Published 03/22/2019, 03:46 PM
Updated 03/22/2019, 04:35 PM
© Reuters.

Investing.com - Stocks on Wall Street fell sharply Friday as part of the yield curve inverted, underscoring concerns about a possible recession amid slowing global growth.

The Dow Jones Industrial Average fell 1.77%, the S&P 500 lost 1.90%, while the Nasdaq Composite slumped 2.50%.

The spread between the 3-Month and 10-Year Treasury yields turned negative for the first time since 2007, sparking widespread selling across markets.
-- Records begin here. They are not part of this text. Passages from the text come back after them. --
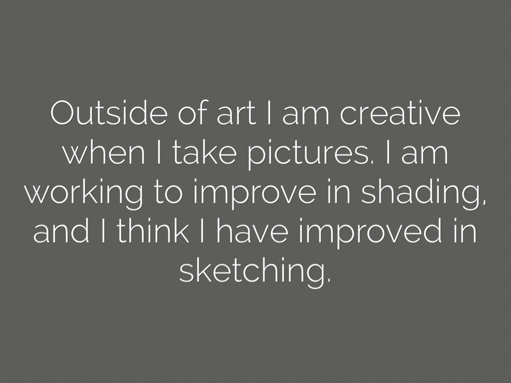 Outside of art I am creative when I take pictures. I am working to improve in shading, and I think I have improved in sketching.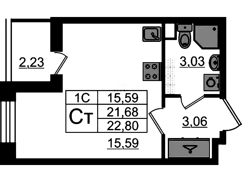 - Площадь21,68 м2
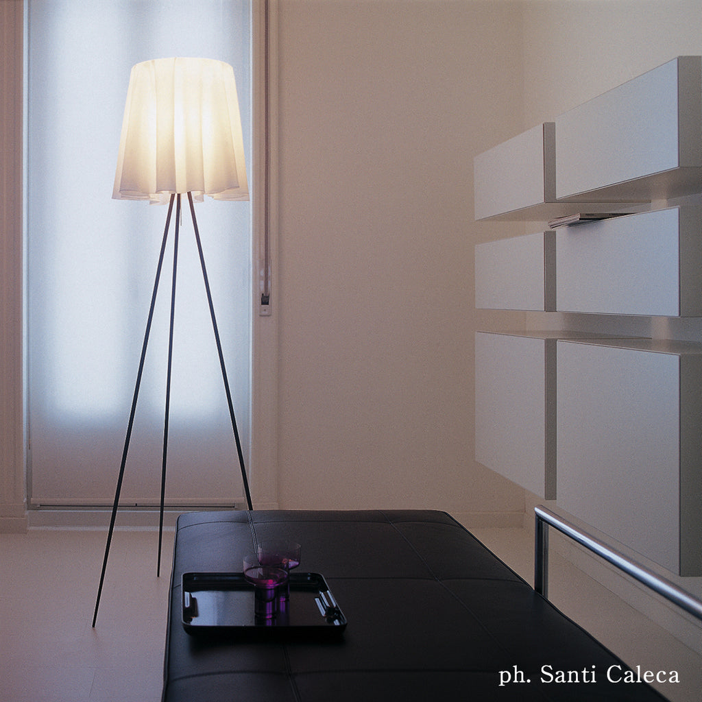 ロジー・アンジェリスは、フィリップ・スタルクのデザインしたフロアスタンドとして世界中で人気を呼んでいます。布製のセードの襞を透かして美しい光が広がります。シャープな3本の支柱の独特なラインがいかにもスタルクらしいセンスを感じさせます。

The yield curve serves as screener for the economy. In good economic times, the yields on long-term bonds run higher than short-term bonds as investors expect a booming economy will translate into higher interest rates over the long term.
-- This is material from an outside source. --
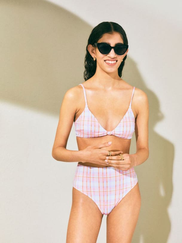 Wattiertes Bikinitop und Highwaist-Höschen mit Karomuster von H&M – statt ca. 50 Fr. jetzt noch ca. 30 Fr.

But for months analysts' have been debating whether the U.S. economy can sustain its growth in the midst of slowing growth elsewhere, particularly in China and Europe.

U.S. government bond yields were also dragged lower by a plunge in the Bund as weaker-than-expected German PMIs renewed fears the euro zone may be heading for a recession.

Financials, mostly banks, were hit the hardest by the swoon in government bond yields, which stifles banks' ability to generate net interest.

Wells Fargo (NYSE:WFC), JPMorgan Chase (NYSE:JPM) and Bank of America (NYSE:BAC) ended the day deep in the red.

The renewed focus on slowing global growth comes just days after the Federal Reverse cut its growth outlook and signaled it would likley stand pat on interest rates through 2019.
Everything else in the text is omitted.